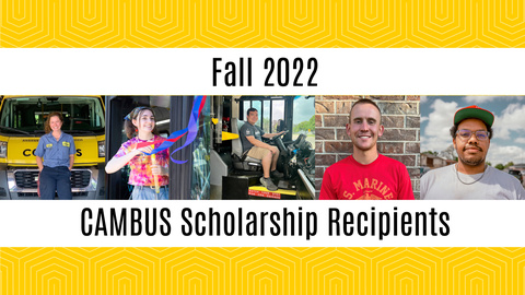 Breadcrumb Home News CAMBUS scholarship awarded to recipients for fall 2022 Thursday, July 14, 2022 Written by Odessa Neeley https://transportation.uiowa.edu/page-cambus-recognizes-five-recipients-cambus-…
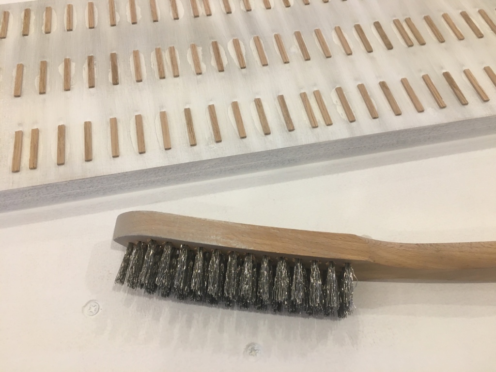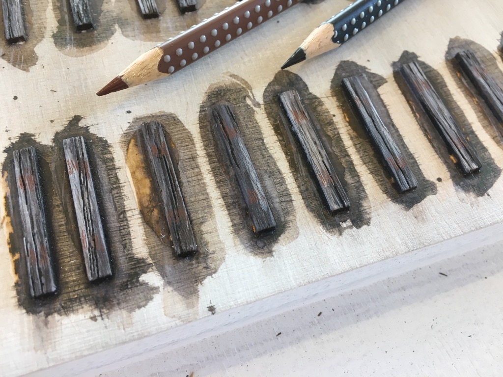 Als erstes habe ich mit einer Stahlbürste die Schwellen in Längsrichtung (der Maserung) malträtiert, so dass die Maserung mehr hervorsticht und es so aussieht, wie altes vertrocknetes Holz.
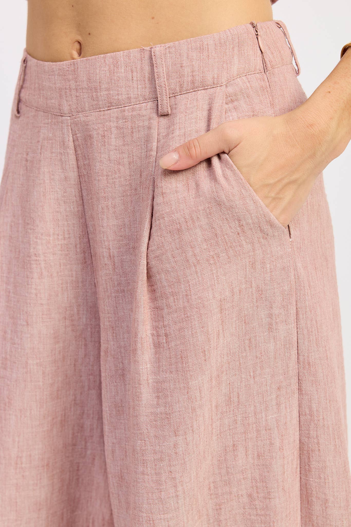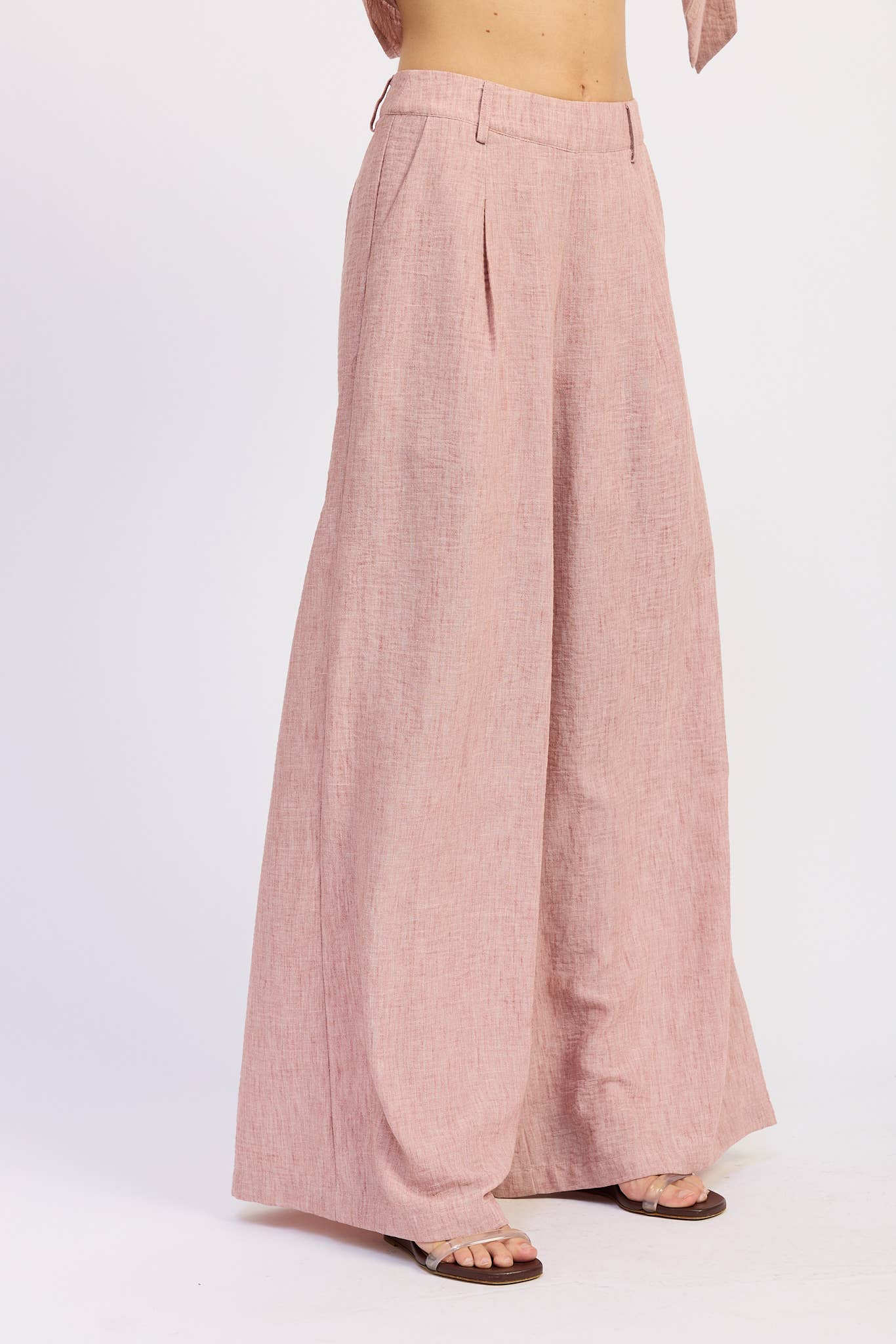 Refresh your warm-weather lineup with the Blush High-Waisted Wide Leg Trousers—a refined, wearable solution that pairs beautifully with a fitted top and elevates everyday moments into polished, confident looks.

────────────────

What this task involves
Retype the listing above exactly. Pictures are not part of the copy.

Task output
 Breadcrumb Home News CAMBUS scholarship awarded to recipients for fall 2022 Thursday, July 14, 2022 Written by Odessa Neeley https://transportation.uiowa.edu/page-cambus-recognizes-five-recipients-cambus-…
 Als erstes habe ich mit einer Stahlbürste die Schwellen in Längsrichtung (der Maserung) malträtiert, so dass die Maserung mehr hervorsticht und es so aussieht, wie altes vertrocknetes Holz.
 Refresh your warm-weather lineup with the Blush High-Waisted Wide Leg Trousers—a refined, wearable solution that pairs beautifully with a fitted top and elevates everyday moments into polished, confident looks.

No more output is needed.